When asked between 2018 and 2024 to ponder the greatest and most memorable calls of his career, according to his own estimation, McAvaney has specifically cited—in addition to his various callings of AFL grand finals, specifically highlighting the 2016 AFL Grand Final as his favourite Australian rules football call, his last co-commentary duty with Dennis Cometti—his calling of Cathy Freeman's gold medal in the 400 metres at the 2000 Olympics, Winx's third Cox Plate, Usain Bolt's multiple performances at the 2008 Olympics, Carl Lewis's win at the 1991 World Championships and 1992 Olympics, and Makybe Diva's history-making third-consecutive Melbourne Cup victory. Ultimately, McAvaney said on multiple occasions over this period that Freeman's 2000 victory was "probably the most important of my life as a caller ... and to be a tiny part of that is an incredible privilege".

== Awards ==
McAvaney was awarded a Medal of the Order of Australia (OAM) in June 2002 for service to sports broadcasting, and to the community through charitable and sporting organisations. He was also inducted into the Sport Australia Hall of Fame in that year.

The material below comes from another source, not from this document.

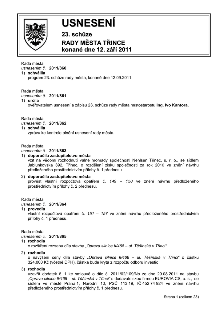 USNESENÍ 23. schůze RADY MĚSTA TŘINCE konané dne 12. září 2011 Rada města usnesením č. 2011/860 1) schválila program 23. schůze rady města, konané dne 12.09.2011. Rada města usnesením č. 2011/861 1) určila ověřovatelem usnesení a zápisu 23. schůze rady města místostarostu Ing. Ivo Kantora. Rada města usnesením č. 2011/862 1) schválila zprávu ke kontrole plnění usnesení rady města. Rada města usnesením č. 2011/863 1) doporučila zastupitelstvu města vzít na vědomí rozhodnutí valné hromady společnosti Nehlsen Třinec, s. r. o., se sídlem Jablunkovská 392, Třinec, o rozdělení zisku společnosti za rok 2010 ve znění návrhu předloženého prostřednictvím přílohy č. 1 přednesu 2) doporučila zastupitelstvu města provést vlastní rozpočtová opatření č. 149 – 150 ve znění návrhu předloženého prostřednictvím přílohy č. 2 přednesu. Rada města usnesením č. 2011/864 1) provedla vlastní rozpočtová opatření č. 151 – 157 ve znění návrhu předloženého prostřednictvím přílohy č. 1 přednesu. Rada města usnesením č. 2011/865 1) rozhodla o rozšíření rozsahu díla stavby „Oprava silnice II/468 – ul. Těšínská v Třinci“ 2) rozhodla o navýšení ceny díla stavby „Oprava silnice II/468 – ul. Těšínská v Třinci“ o částku 324.000 Kč (včetně DPH), částka bude kryta z rozpočtu odboru investic 3) rozhodla uzavřít dodatek č. 1 ke smlouvě o dílo č. 2011/02/109/No ze dne 29.08.2011 na stavbu „Oprava silnice II/468 – ul. Těšínská v Třinci“ s dodavatelskou firmou EUROVIA CS, a. s., se sídlem ve městě Praha 1, Národní 10, PSČ 113 19, IČ 452 74 924 ve znění návrhu předloženého prostřednictvím přílohy č. 1 přednesu. Strana 1 (celkem 23) Rada města usnesením č. 2011/866 1) rozhodla o výběru nejvhodnější nabídky dle pořadí nabídek, které stanovila a předložila radě města hodnotící komise, za účelem zadání veřejné zakázky malého rozsahu na akci „Sportovní areál Tyra – stavební úpravy hřiště“ takto: 1. D 5, akciová společnost, Třinec, Průmyslová 1026, Třinec 2. L.GREKO, s. r. o., Konská 468, Třinec 3. Beskydská stavební, a. s., Frýdecká 225, Třinec IČ 476 74 539 IČ 476 79 352 IČ 286 18 891 2) rozhodla uzavřít smlouvu o dílo č. 2011/02/115/No na akci „Sportovní areál Tyra - stavební úpravy hřiště“ mezi městem Třinec a firmou D 5, akciová společnost, Třinec, se sídlem ve městě Třinec, Průmyslová 1026, PSČ 739 61, IČ 476 74 539, ve znění návrhu předloženého prostřednictvím přílohy č. 1 přednesu. Rada města usnesením č. 2011/867 1) rozhodla o výběru nejvhodnější nabídky dle pořadí nabídek, které stanovila a předložila radě města hodnotící komise, za účelem zadání veřejné zakázky malého rozsahu na vypracování projektové dokumentace „Rekonstrukce ul. Dukelská v Třinci“ takto: 1. Stanislav Kawulok, Vendryně 931 2. Ing. Antonín Pechal, CSc., Ovocná 341/12, Brno 3. Projekční kancelář VIAPROJEKT, s. r. o., Na obvodu 1098/41, Ostrava IČ 134 42 635 IČ 105 49 439 IČ 253 50 323 2) rozhodla uzavřít smlouvu o dílo č. 2011/02/117/No na vypracování projektové dokumentace „Rekonstrukce ul. Dukelská v Třinci“ mezi městem Třinec a Stanislavem Kawulokem, se sídlem v obci Vendryně 931, PSČ 739 95, IČ 134 42 635, ve znění návrhu předloženého prostřednictvím přílohy č. 1 přednesu. Rada města usnesením č. 2011/868 1) rozhodla o výběru nejvhodnější nabídky dle pořadí nabídek, které stanovila a předložila radě města hodnotící komise, za účelem zadání veřejné zakázky malého rozsahu na vypracování projektové dokumentace Sídliště nad „Hradčany“ - ul. Lidická, ul. Koperníkova, ul. Beskydská a ul. Slezská v Třinci takto: 1. Stanislav Kawulok, Vendryně 931 2. AL-VO ATELIÉR, s. r. o., Košařiska 73 3. DELTA Třinec, s. r. o., Autobusové nádraží 534, Třinec IČ 134 42 635 IČ 278 43 343 IČ 607 78 288 2) rozhodla uzavřít smlouvu o dílo č. 2011/02/118/No na vypracování projektové dokumentace Sídliště nad „Hradčany“ - ul. Lidická, ul. Koperníkova, ul. Beskydská a ul. Slezská v Třinci mezi městem Třinec a Stanislavem Kawulokem, se sídlem v obci Vendryně 931, PSČ 739 95, IČ 134 42 635, ve znění návrhu předloženého prostřednictvím přílohy č. 1 přednesu. Strana 2 (celkem 23) Rada města usnesením č. 2011/869 1) rozhodla uzavřít smlouvu o dílo č. 2011/02/119/No na vypracování projektové dokumentace „Parkovací místa – ul. Slezská v Třinci“ mezi městem Třinec a zpracovatelem projektové dokumentace Projekční kancelář VIAPROJEKT, s. r. o., se sídlem ve městě Ostrava, Na obvodu 1098/41, PSČ 703 00, IČ 253 50 323, ve znění návrhu předloženého prostřednictvím přílohy č. 1 přednesu. Rada města usnesením č. 2011/870 1) rozhodla uzavřít v rámci stavby „Umístění uvítacích tabulí“ smlouvu č. 2011/02/114/Du o právu provést stavbu na pozemku parc. č. 636 v katastrálním území Vendryně mezi městem Třinec a paní K. F. K., bytem Třinec, ve znění návrhu předloženého prostřednictvím přílohy č. 1 přednesu. Rada města usnesením č. 2011/871 1) doporučila zastupitelstvu města rozhodnout o bezúplatném přijetí spoluvlastnických podílů ke stavbě vodovodu pod označením „Prodloužení vodovodního řadu v lokalitě Třinec-Oldřichovice - pod lanovkou“ umístěné na pozemcích p. č. 1929/1, 1929/2, 1944/6, 1944/7, 1944/10, 1944/11, 1944/12, 2459/1, 2459/2 a 3442/1 v katastrálním území Oldřichovice u Třince, v obci Třinec od těchto spoluvlastníků stavby: a) b) c) d) e) pan M. P., bytem Třinec (podíl 10,64%), pan P. N., bytem Milíkov a paní E. N., bytem Třinec (podíl 10,64%), paní B. H., bytem Jablunkov (podíl 10,64%), pan J. S. a paní O. S., oba by

In 2022, he was inducted into the TV Week Logie Hall of Fame, becoming the second sports broadcaster to be inducted.

In June 2023, McAvaney was inducted into the Australian Football Hall of Fame. He is the eleventh media personality to be inducted into the code's Hall of Fame.

In September 2025, McAvaney was awarded a Veteran Pin from World Athletics.

== Personal life ==

McAvaney's first marriage, to Merry, lasted from 1983 to 1991. He met his second wife Anne Johnson, a television journalist and producer, in 1993 while making the show Seasons. With her, he has two children, Sam (born 1994) and Alexandra (born 1997).
He moved his family from Melbourne back to his hometown of Adelaide in 1999.

In March 2017, McAvaney revealed he had been diagnosed with chronic lymphocytic leukaemia.